Background
The utilization of PD1 and CTLA4 inhibitors has revolutionized the treatment of malignant
melanoma (MM). However, resistance to targeted and immune-checkpoint-based therapies
still poses a significant problem.
Objective
Here, we mine large-scale MM proteogenomic data to identify druggable targets and
forecast treatment efficacy and resistance.
Methods
Leveraging protein profiles from established MM subtypes and molecular structures
of 82 cancer treatment drugs, we identified nine candidate hub proteins, mTOR, FYN,
PIK3CB, EGFR, MAPK3, MAP4K1, MAP2K1, SRC, and AKT1, across five distinct MM subtypes.

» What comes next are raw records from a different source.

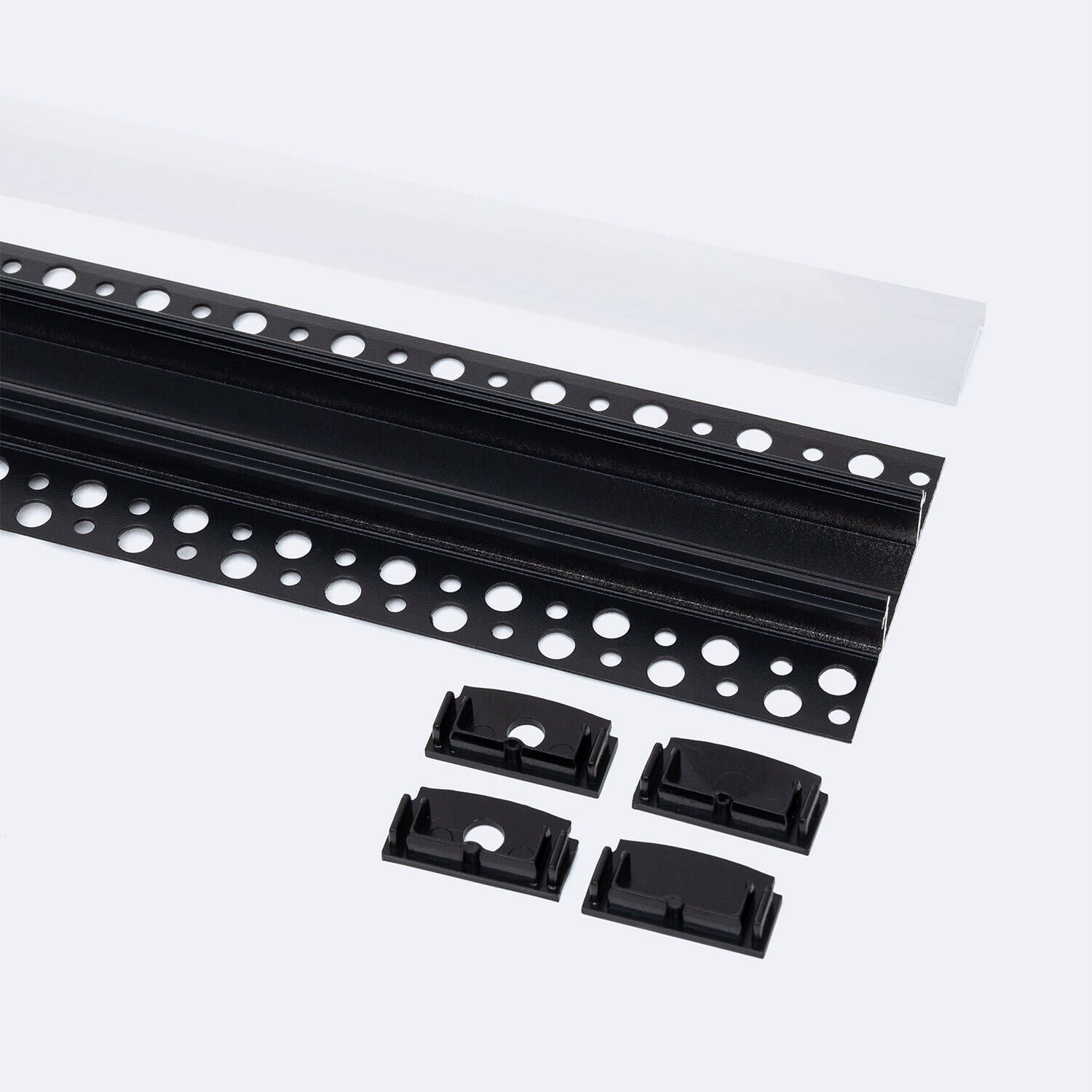 Este perfil de aluminio integrado para escayola o pladur está diseñado para alojar tiras LED de hasta 20 mm, ofreciendo una instalación discreta y elegante. Pertenece a la serie Argos H20 y destaca por su estructura robusta en aluminio negro, complementada con una tapa continua blanco traslúcida que difunde la luz de manera uniforme, evitando deslumbramientos. Su diseño permite una integración perfecta en techos o paredes, aportando un acabado profesional y moderno. Incluye tapa superior y cuenta con certificación RoHS, garantizando calidad y respeto ambiental. Ideal para uso interior, este perfil asegura durabilidad y un resultado estético impecable, respaldado por una garantía de 3 años.
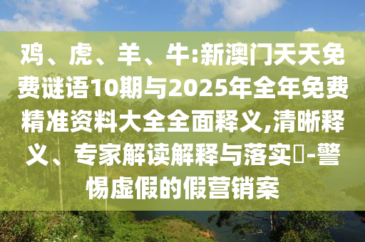 摘要:,,本文介紹了關于雞、虎、羊、牛的新澳門天天免費謎語10期以及2025年全年免費精準資料大全。文章提供了全面的釋義和清晰的解讀,包括專家解讀解釋和警惕虛假假營銷案的提示。內容旨在為讀者提供真實可靠的信息,幫助大家了解并解讀相關謎語資料,同時提醒大家注意防范虛假宣傳。
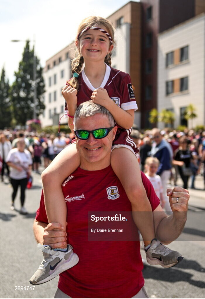 28 July 2024; Galway supporters Greg and Sarah Leonard, aged 7, from Furbo, Galway, ahead of the GAA Football All-Ireland Senior Championship Final match between Armagh and Galway at Croke Park in Dublin. Photo by Daire Brennan/Sportsfile

These proteins are potential drug targets applicable to one or multiple MM subtypes.
Additionally, by integrating proteogenomic profiles obtained from MM subtypes with
MM cell line dependency and drug sensitivity data, we identified a total of 162 potentially
targetable genes. Lastly, we identified 20 compounds exhibiting potential drug impact
in at least one melanoma subtype.
Results
Employing these unbiased approaches, we have uncovered compounds targeting ferroptosis
demonstrating a striking 30× fold difference in sensitivity among different subtypes.
Conclusions
Our results suggest innovative and novel therapeutic strategies by stratifying melanoma
samples through proteomic profiling, offering a spectrum of novel therapeutic interventions
and prospects for combination therapy.